TASK OBJECTIVE> Could the data below be copied exactly, minus the pictures?

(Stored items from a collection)

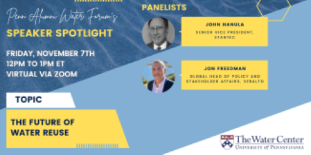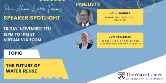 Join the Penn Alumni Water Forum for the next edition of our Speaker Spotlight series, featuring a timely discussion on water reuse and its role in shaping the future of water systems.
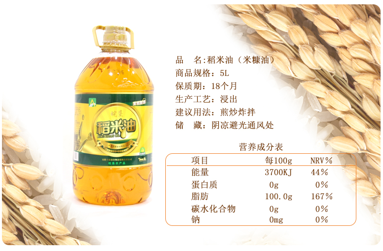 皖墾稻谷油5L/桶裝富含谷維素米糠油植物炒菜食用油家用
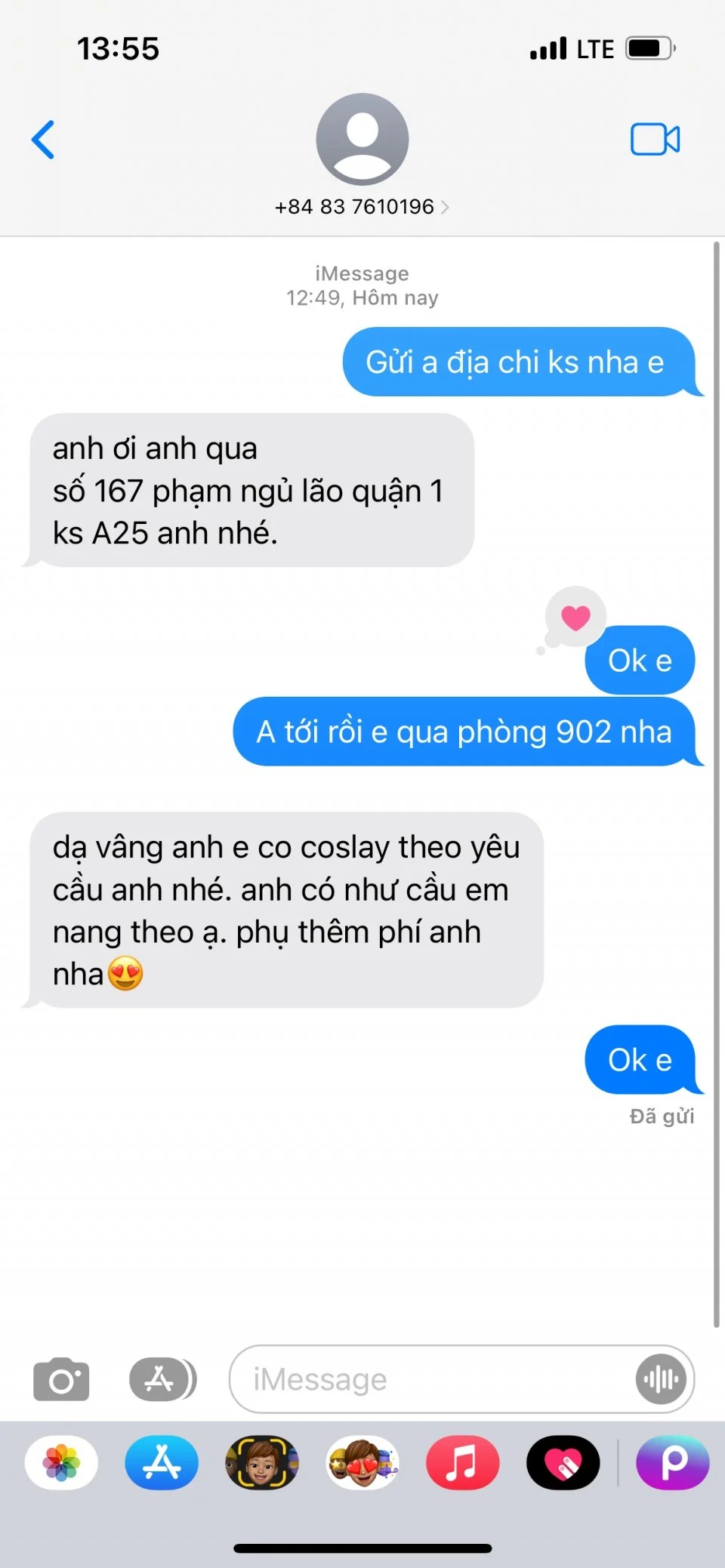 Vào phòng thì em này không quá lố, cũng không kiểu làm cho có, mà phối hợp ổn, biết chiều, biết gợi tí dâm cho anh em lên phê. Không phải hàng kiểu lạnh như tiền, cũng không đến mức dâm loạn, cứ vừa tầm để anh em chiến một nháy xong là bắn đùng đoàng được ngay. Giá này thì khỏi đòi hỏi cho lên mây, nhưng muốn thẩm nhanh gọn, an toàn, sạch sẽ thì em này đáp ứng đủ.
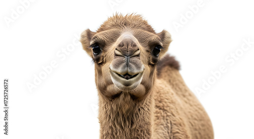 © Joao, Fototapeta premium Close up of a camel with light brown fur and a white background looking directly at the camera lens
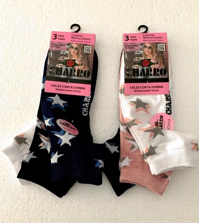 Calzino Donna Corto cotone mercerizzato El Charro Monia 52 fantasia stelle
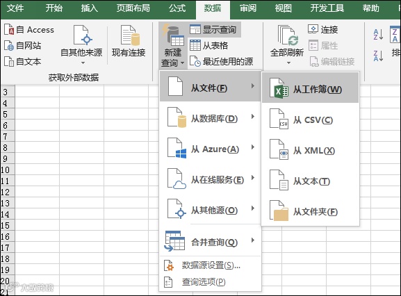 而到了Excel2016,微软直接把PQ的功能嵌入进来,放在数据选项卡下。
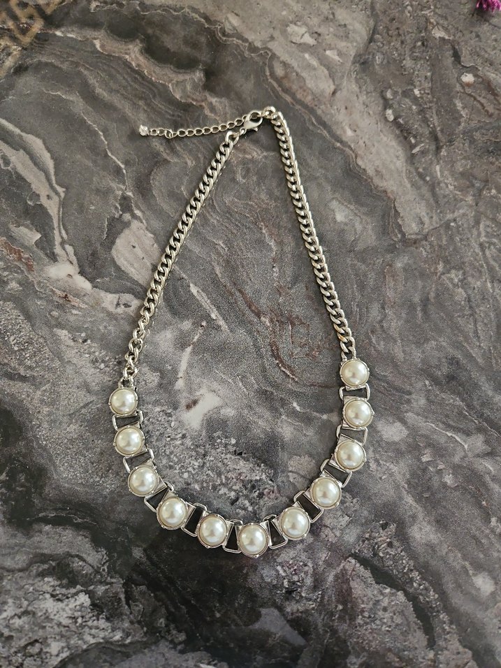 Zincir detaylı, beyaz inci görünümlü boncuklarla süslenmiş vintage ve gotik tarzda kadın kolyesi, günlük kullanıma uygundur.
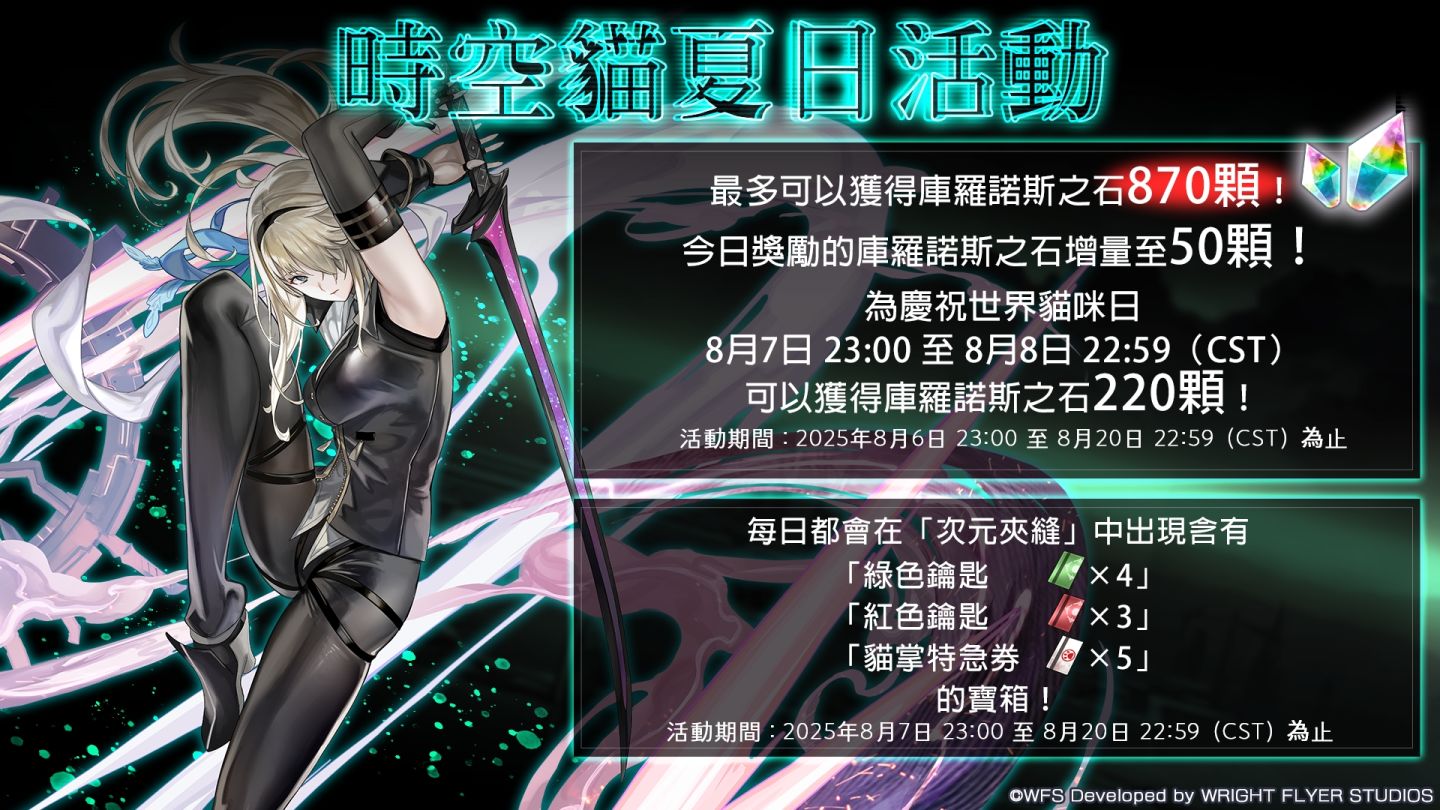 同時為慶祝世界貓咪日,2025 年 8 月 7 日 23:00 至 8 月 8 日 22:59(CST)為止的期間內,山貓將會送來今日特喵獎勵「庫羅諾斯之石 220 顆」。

SOLUTION TO THE EXERCISE>
 Join the Penn Alumni Water Forum for the next edition of our Speaker Spotlight series, featuring a timely discussion on water reuse and its role in shaping the future of water systems.
 皖墾稻谷油5L/桶裝富含谷維素米糠油植物炒菜食用油家用
 Vào phòng thì em này không quá lố, cũng không kiểu làm cho có, mà phối hợp ổn, biết chiều, biết gợi tí dâm cho anh em lên phê. Không phải hàng kiểu lạnh như tiền, cũng không đến mức dâm loạn, cứ vừa tầm để anh em chiến một nháy xong là bắn đùng đoàng được ngay. Giá này thì khỏi đòi hỏi cho lên mây, nhưng muốn thẩm nhanh gọn, an toàn, sạch sẽ thì em này đáp ứng đủ.
 © Joao, Fototapeta premium Close up of a camel with light brown fur and a white background looking directly at the camera lens
 Calzino Donna Corto cotone mercerizzato El Charro Monia 52 fantasia stelle
 而到了Excel2016,微软直接把PQ的功能嵌入进来,放在数据选项卡下。
 Zincir detaylı, beyaz inci görünümlü boncuklarla süslenmiş vintage ve gotik tarzda kadın kolyesi, günlük kullanıma uygundur.
 同時為慶祝世界貓咪日,2025 年 8 月 7 日 23:00 至 8 月 8 日 22:59(CST)為止的期間內,山貓將會送來今日特喵獎勵「庫羅諾斯之石 220 顆」。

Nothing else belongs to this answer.